How does a filing cabinet do this work? According to patents, the early manufacturers drew on techniques and practices from cabinetry and metalwork in new and useful ways. In a typical patent, a filing cabinet is a collection of steel plates, rollers, slides, walls, ball bearings, rods, flanges, corner posts, channels, grooves, locks, tops, bottoms, sides, arms, legs, and tongues. All these parts were variously combined to create a cabinet that would allow a drawer to open and close even when it was full of paper that might weigh upwards of 75 pounds. The thousands of sheets of paper that manufacturers claimed could fit in a file drawer were organized using guide cards and manila folders, both accented with tabs. Not only did these features help paper stand vertically on edge; more important, they also made visible the organization of the papers. Early user manuals quickly identified the key principle of vertical filing: “the filing of papers on edge, behind guides, bringing together all papers, to, from, or about one correspondent or subject.”  Papers stored this way were easy to locate and to access and, as such, essential to the functioning of a modern, healthy office. As the authors of a secretarial textbook from the mid 1920s put it: “The flat file permits the use of but one hand, while with the vertical file both hands are used, thus increasing speed. That is, papers filed vertically are accessible, compact, and sanitary.” 

Link to the rest at Places


Actual file cabinet from the Watergate Hotel, National Museum of American History, via Wikimedia. Author, Kenneth Lu. This file is licensed under the Creative Commons Attribution 2.0 Generic license.
The World’s Tallest Filing Cabinet, Vermont, via Wikimedia. Permission is granted to copy, distribute and/or modify this document under the terms of the GNU Free Documentation License, Version 1.2 or any later version

7 thoughts on “The Filing Cabinet”

      • I personally use the “piles-on-the-floor” technique. Not as elegant a solution as “loose pages on end,” but it works for me. As a bonus, I have piles on the floor in front of and blocking the four-tier file cabinets. Crack that, hackers!

        • A fellow traveller!
          BTW, the oficial term is Archeological Filing System.

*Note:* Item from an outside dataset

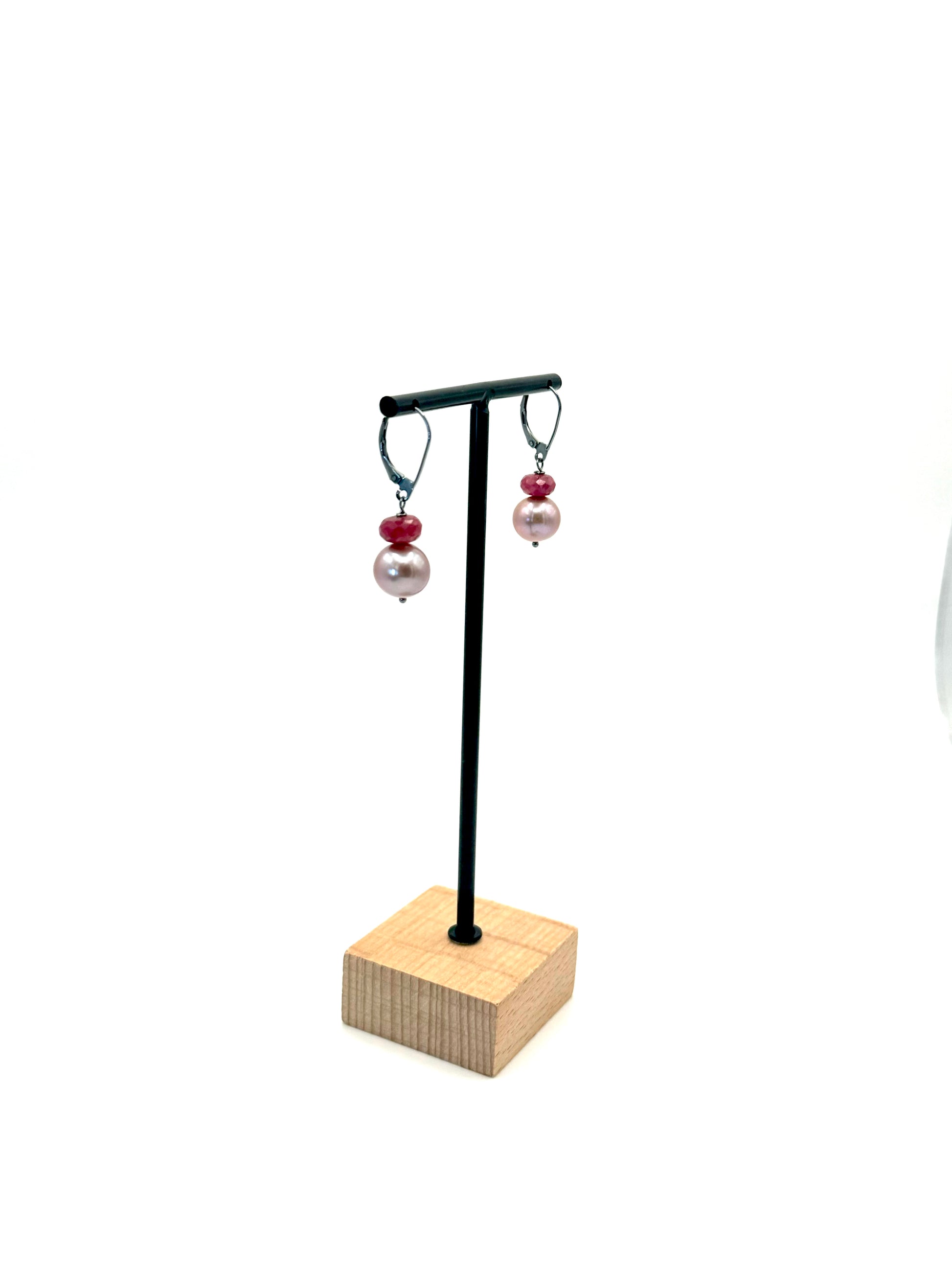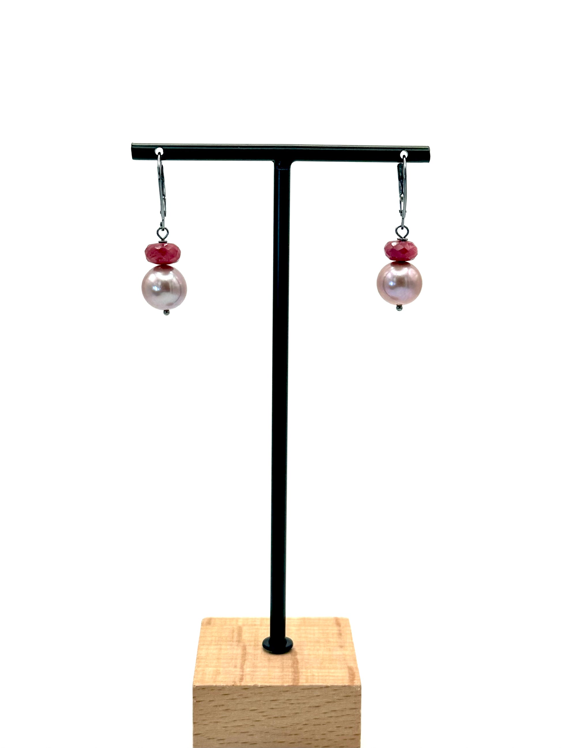 12mm Lavender Edison Pearl Ruby Oxidized Silver Lever Back Earrings

          I organize my desktop in three trays: IN, IN, HOLD.
          (Nothing ever leaves.)

          One time on the day job the AA and the graphics specialist took it upon themselves to order up my desktop. I was unable to find anything in a timely fashion for months until the proper chaos reasserted itself. They learned tbat though there might be madness to my method, there was method to my madness.
          (True story.)

          • “BTW, the official term is Archeological Filing System.”

            As it turns out, I’m currently writing about Neanderthals, and they used the same system! So that gene allele survived to the present day and ended up in YOU (and me).

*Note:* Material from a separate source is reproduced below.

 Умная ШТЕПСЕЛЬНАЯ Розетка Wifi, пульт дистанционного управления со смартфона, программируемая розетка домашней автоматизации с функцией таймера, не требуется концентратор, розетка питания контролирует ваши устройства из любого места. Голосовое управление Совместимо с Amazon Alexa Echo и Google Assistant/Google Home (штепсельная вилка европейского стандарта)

        • I believe I may have mentioned this before, but a lawyer I knew a long time ago was renowned for his desk, the top of which was nothing but a collection of various stacks of paper – letters, legal documents, etc., etc., etc. Big stacks.

          He was also renowned for his ability to immediately pull a document he needed from its precise location in one of his stacks. This feat inevitably impressed clients and attorneys visiting to discuss a case.

          Like a great many country lawyers who enjoy their work, he died in harness. His perfect stacks-of-paper filing system suffered a post-mortem fall from grace, however, when his partners and a couple of secretaries undertook to remove the stacks and place the papers into file folders.

          During this process, they discovered many thousands of dollars in the form of checks which had been written to the firm as and for retainer fees, services rendered, etc., which the decedent lawyer had forgotten about and never deposited. Many of the checks were so old that the surviving partners didn’t even attempt to deposit them.